Директор школы, услышав шёпот, продолжал:
«Вы что, не один?»
«Один, мсье Грабю!»
«Да нет же, вы с кем-то разговариваете».
«Говорю вам, я один, мсье Грабю».
«А вот мы сейчас узнаем», - сказал старик; он запер дверь на два оборота и пошел вниз за свечой.
Тогда молодой человек, обыкновенный трус, потерял голову и принялся повторять, внезапно рассердившись: «Прячьтесь же, чтобы вас не нашли! Вы оставите меня без куска хлеба на всю жизнь! Вы разрушите мою карьеру… Прячьтесь же!»
Он услышал, как ключ опять поворачивается в замке.
Гортензия подбежала к слуховому окну, которое вело на улицу, резким движением открыла его и произнесла тихим решительным голосом:
«Придите и подберите меня, когда он уйдет».
И спрыгнула.
Папаша Грабю никого не нашёл и спустился обратно, крайне удивлённый.
Четвертью часа спустя мсье Сигизберт пришел ко мне и рассказал о своём приключении.

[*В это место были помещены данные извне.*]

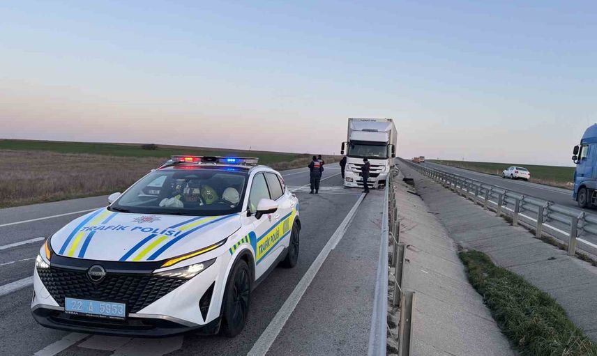 Edirne-Havsa yolunda tır bariyerlere çarptı

Девушка лежала у стены, не в силах подняться, упав с высоты трёх этажей. Я пошёл к ней вместе с ним. Лило как из ведра, и я принёс к себе эту несчастную, нога которой была сломана в трёх местах, а кости прорвали кожу. Она не жаловалась и только повторяла с достойной восхищения покорностью: «Я наказана, наказана по заслугам!»
Я позвал на помощь, в том числе, и родителей этой швеи, которым рассказал басню о перевернувшемся экипаже, который искалечил её перед моей дверью.

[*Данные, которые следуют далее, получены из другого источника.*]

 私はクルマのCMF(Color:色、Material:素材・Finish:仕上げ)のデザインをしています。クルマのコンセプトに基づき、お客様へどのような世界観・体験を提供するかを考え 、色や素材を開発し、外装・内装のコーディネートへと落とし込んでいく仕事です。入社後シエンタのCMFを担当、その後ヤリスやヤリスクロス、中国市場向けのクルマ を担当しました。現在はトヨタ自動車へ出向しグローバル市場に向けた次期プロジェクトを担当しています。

Мне поверили, и жандармерия целый месяц тщетно искала виновных.
Вот так! Я говорю, что эта женщина – героиня, из тех, которые совершают самые прекрасные исторические поступки.
Это была её единственная любовь. Она умерла девственницей. Это высокая жертва, великая душа, высшая Преданность! И если бы я совершенно ни восхищался ею, я бы не рассказал вам эту историю, которую никому не хотел рассказывать, пока героиня была жива, сами понимаете – почему».
*
Доктор замолчал. Мама плакала. Отец произнес несколько слов, которые я не уловил, и затем все ушли.
Я оставался на коленях в своём убежище, рыдая, пока не услышал странный шум тяжёлых шагов и ударов на лестнице.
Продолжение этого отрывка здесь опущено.